Note that there is an implicit first stage of selection in the selection of the NSUBS PSUs, namely in the selection of the NOPUS sample PSUs. As mentioned above, please see Glassbrenner, 2002, for documentation on the selection of the NOPUS PSUs. The site selection probabilities for the NSUBS sample sites will contain a term reflecting the NOPUS PSU selection.
The NOPUS PSUs were used to select the PSUs for the National Survey of the Use of Booster Seats, motivated by greater comparability of the results of the two surveys. We note that the NOPUS has adopted a new sample since the time the NSUBS PSUs were selected, and thus NHTSA may wish at some point in the future to reselect the NSUBS sample from the current NOPUS sample for the same reason.

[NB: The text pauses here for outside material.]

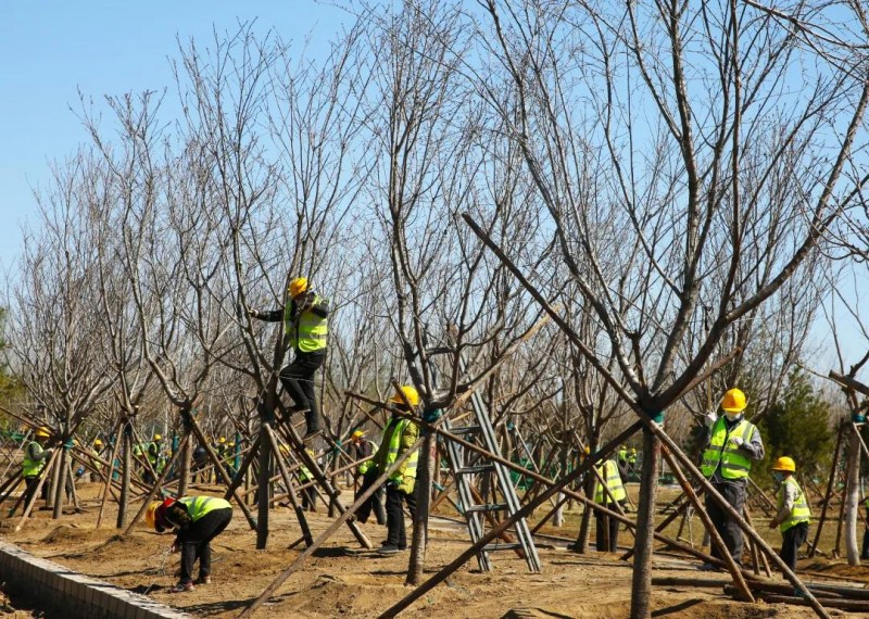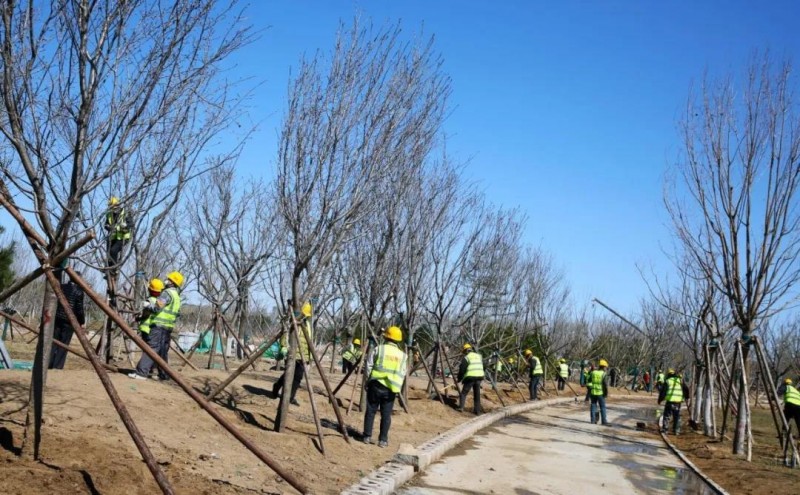 初春的北京春意盎然、生機勃勃,但比起春意更暖的是城建園林建設者們忙碌的身影。一年之計在于春,春天是植物生長的好季節,是促進綠化苗木栽植和返青養護的絕佳時機。日前,“城市綠心”的“櫻花庭院”景觀項目周邊,近500余名城建園林人正牢牢抓住春耕有利時節,夜以繼日抓緊施工,為“城市綠心”涂抹最美春色。

A note on terminology: The reader will note that the NSUBS sample design is technically a three-stage design, as the NSUBS “PSUs” are selected in two stages, Step 3 consisting of the second stage. However as a matter of terminology, we find it convenient to call the county groups from which the NSUBS sites were selected “PSUs” instead of “SSUs.”
Site Selection within PSUs
Site Sampling Frame
The sampling frame for the second stage of sampling consists of:
the daycare centers in the 16 sample PSUs (i.e., the 16 PSUs selected in Step 3 of Section 4.1.2), together with
the recreation centers, gas stations, and restaurants in five fast food chains in the collection of
ZIP Codes contained in whole or in part in the 16 sample PSUs
that were found in a process described below to meet the following four restrictions:
1) the establishment was not on a military base and not in an office building;
2) if the establishment was not a gas station, the establishment was not located in a shopping center;
3) the recreation centers did not merely contain a park, climbing wall, or senior center; and
4) the daycare centers were licensed for at least 20 children.

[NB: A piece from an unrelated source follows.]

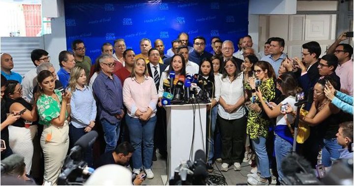La líder de Vente Venezuela, María Corina Machado, respondió este miércoles a las autoridades chavistas tras detener a dos miembros de su equipo y solicitar órdenes de aprehensión contra otros siete, entre ellos su jefa de campaña Magalli Meda.

We call the above four restrictions the site sampling frame restrictions. The site sampling frame restrictions are geared toward reasonably high traffic volume and a parking area conducive to intercept sampling used for NSUBS. We used Google Earth to review the location and parking availability for sampled data collection sites. Urban locations without dedicated parking facilities are not eligible, because there are no locations at which restraint use can be observed.
We recognize that ZIP code is not a particularly well-defined geography that doesn’t necessarily correspond to neat, contiguous areas nor does it necessarily respect county or other political boundaries. The 2009 NSUBS methodology document acknowledges that NHTSA experienced some problems of ZIP/PSU mismatch. NHTSA proposes to address possible ZIP/PSU mismatches for future NSUBS efforts by geocoding the sites. Sites falling outside the county boundaries will be removed from the sample.
Selection of Probability Sample of Sites
Selection of the Probability Sample of Sites
Sites were selected in a three-step process. Initially a sample of 323 sites was selected via stratified systematic sampling (described in detail in the following). However in anticipation of businesses declining allowing the survey to be conducted on their premises, an additional 302 sites were selected from the remaining sampling frame. Finally, two sites were added for reasons specified below, yielding a total of 627 sites.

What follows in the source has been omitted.